» **Work order**
Begin at the top of the entries below and write out every line through the one containing "巍巍青山埋忠骨,朵朵白花献英", excluding pictures.

» **Data for analysis**
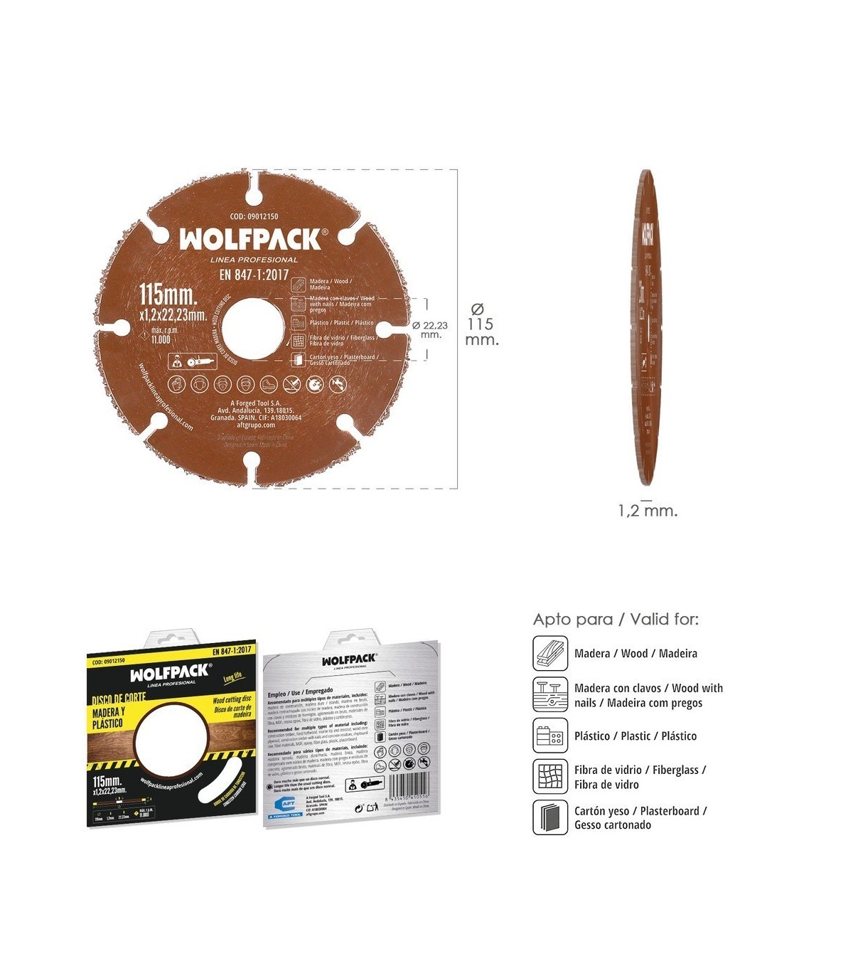 Disco Corte Madera / plástico Diámetro 115 mm. Filo De Carburo De Tungsteno
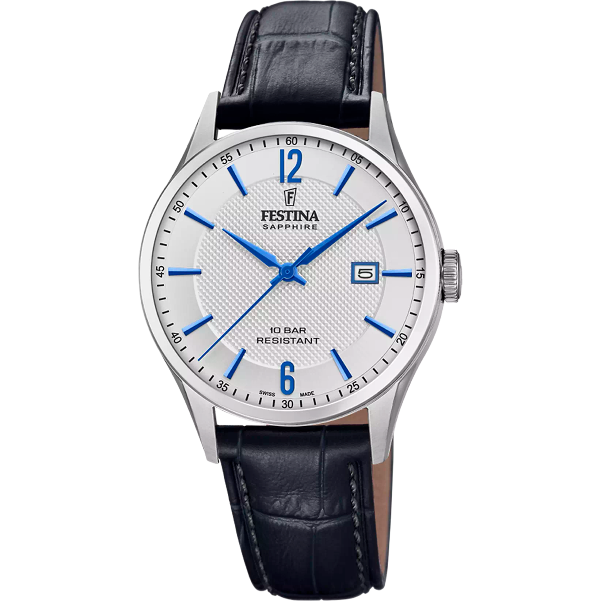 Reloj Festina F20007/2 para hombre con esfera blanca y detalles en azul, correa de piel negra y caja de acero inoxidable. Resistente al agua hasta 10 bar, ideal para uso diario. Diseño elegante y funcional con indicador de fecha. Perfecto para quienes buscan estilo y calidad en un reloj analógico.
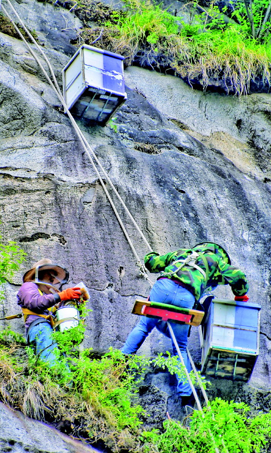 在北京密云区冯家峪镇西口外村,养殖户在山崖上采集崖蜜(5月20日摄)。 新华社发(李欣摄) |
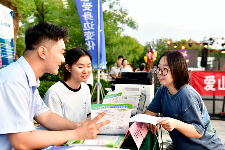 2025年8月25日,在山东省滨州市惠民县孙武广场,人社局的工作人员向市民介绍社保证明查询相关服务。(新华社记者 郭绪雷/摄)
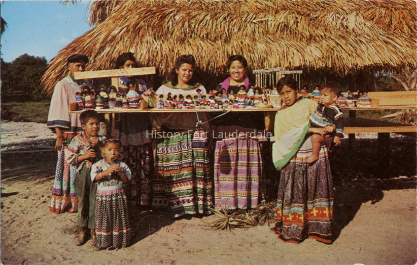 Eight Seminole women and children pose in front of chickee with table full of Seminole palmetto dolls and other crafts for sale at one of the sightseeing boat docks (probably the Jungle Queen) on the south fork of the New River, c. 1940s-50s. Left to right: Tudie Tommie, Pocahantus Jumper, Betty Mae Jumper, Laura Mae Osceola. Left front: Calvin Jumper, Daisy Jumper; girl holding baby is Pauler Jumper Cantu, Cantu is holding "Bigshort" (Moses Jumper Jr.?).
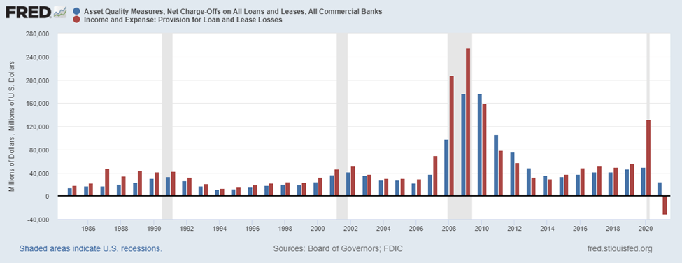 In 2020 (under new accounting rules), they provisioned $132.5 billion or 2.7x the level of credit losses which allowed for $31.3 billion of reversals in 2021.
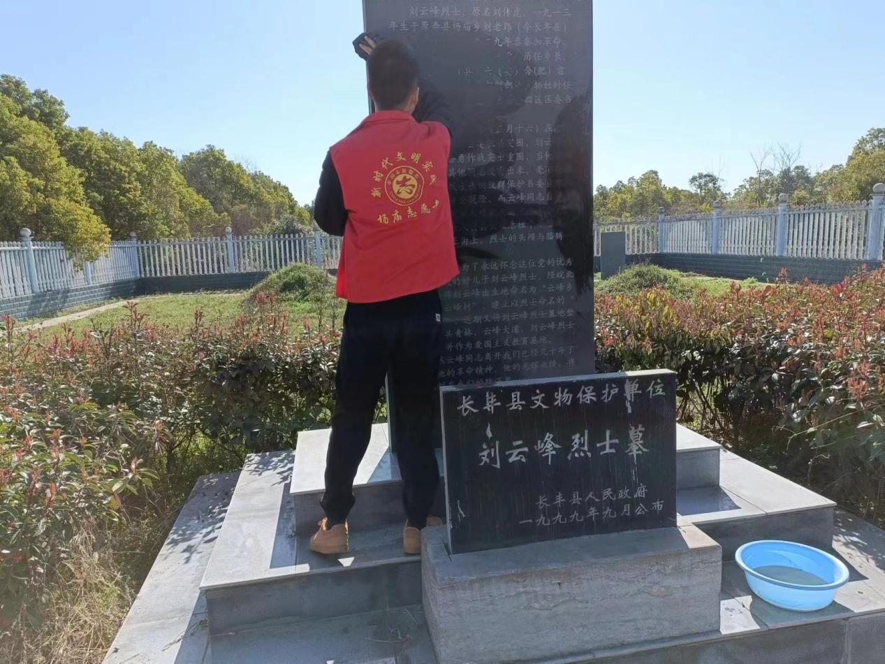 巍巍青山埋忠骨,朵朵白花献英灵。革命的胜利来之不易,是无数先烈用鲜血和生命换来的,在烈士墓前,所有志愿者们庄严肃立,默哀致敬。大家手持铁铲、扫把、抹布等工具,怀着崇敬的心仔细清扫烈士墓周边的落叶杂物,清除角落的杂草,铲除地面上的青苔及淤泥,轻轻擦洗烈士纪念碑。清理完毕后,烈士纪念碑焕然一新,整体面貌庄重严肃,充分展现出对烈士的无尽哀思和敬仰。
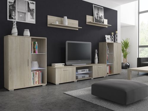 Meblościanka Herkules Dąb Sonama LED to idealne rozwiązanie dla Twojego salonu, które łączy nowoczesność z elegancją. Ta pięknie zaprojektowana meblościanka, wykonana z wysokiej jakości płyty laminowanej, jest dostępna w modnym kolorze dąb sonoma, który wprowadzi do Twojego wnętrza ciepło i przytulność. W zestawie znajdziesz wszystko, co potrzebne do zorganizowania przestrzeni, w tym szafki RTV, półki wiszące oraz szafki stojące.

» **Written response**
 Disco Corte Madera / plástico Diámetro 115 mm. Filo De Carburo De Tungsteno
 Reloj Festina F20007/2 para hombre con esfera blanca y detalles en azul, correa de piel negra y caja de acero inoxidable. Resistente al agua hasta 10 bar, ideal para uso diario. Diseño elegante y funcional con indicador de fecha. Perfecto para quienes buscan estilo y calidad en un reloj analógico.
 在北京密云区冯家峪镇西口外村,养殖户在山崖上采集崖蜜(5月20日摄)。 新华社发(李欣摄) |
 2025年8月25日,在山东省滨州市惠民县孙武广场,人社局的工作人员向市民介绍社保证明查询相关服务。(新华社记者 郭绪雷/摄)
 Eight Seminole women and children pose in front of chickee with table full of Seminole palmetto dolls and other crafts for sale at one of the sightseeing boat docks (probably the Jungle Queen) on the south fork of the New River, c. 1940s-50s. Left to right: Tudie Tommie, Pocahantus Jumper, Betty Mae Jumper, Laura Mae Osceola. Left front: Calvin Jumper, Daisy Jumper; girl holding baby is Pauler Jumper Cantu, Cantu is holding "Bigshort" (Moses Jumper Jr.?).
 In 2020 (under new accounting rules), they provisioned $132.5 billion or 2.7x the level of credit losses which allowed for $31.3 billion of reversals in 2021.
 巍巍青山埋忠骨,朵朵白花献英灵。革命的胜利来之不易,是无数先烈用鲜血和生命换来的,在烈士墓前,所有志愿者们庄严肃立,默哀致敬。大家手持铁铲、扫把、抹布等工具,怀着崇敬的心仔细清扫烈士墓周边的落叶杂物,清除角落的杂草,铲除地面上的青苔及淤泥,轻轻擦洗烈士纪念碑。清理完毕后,烈士纪念碑焕然一新,整体面貌庄重严肃,充分展现出对烈士的无尽哀思和敬仰。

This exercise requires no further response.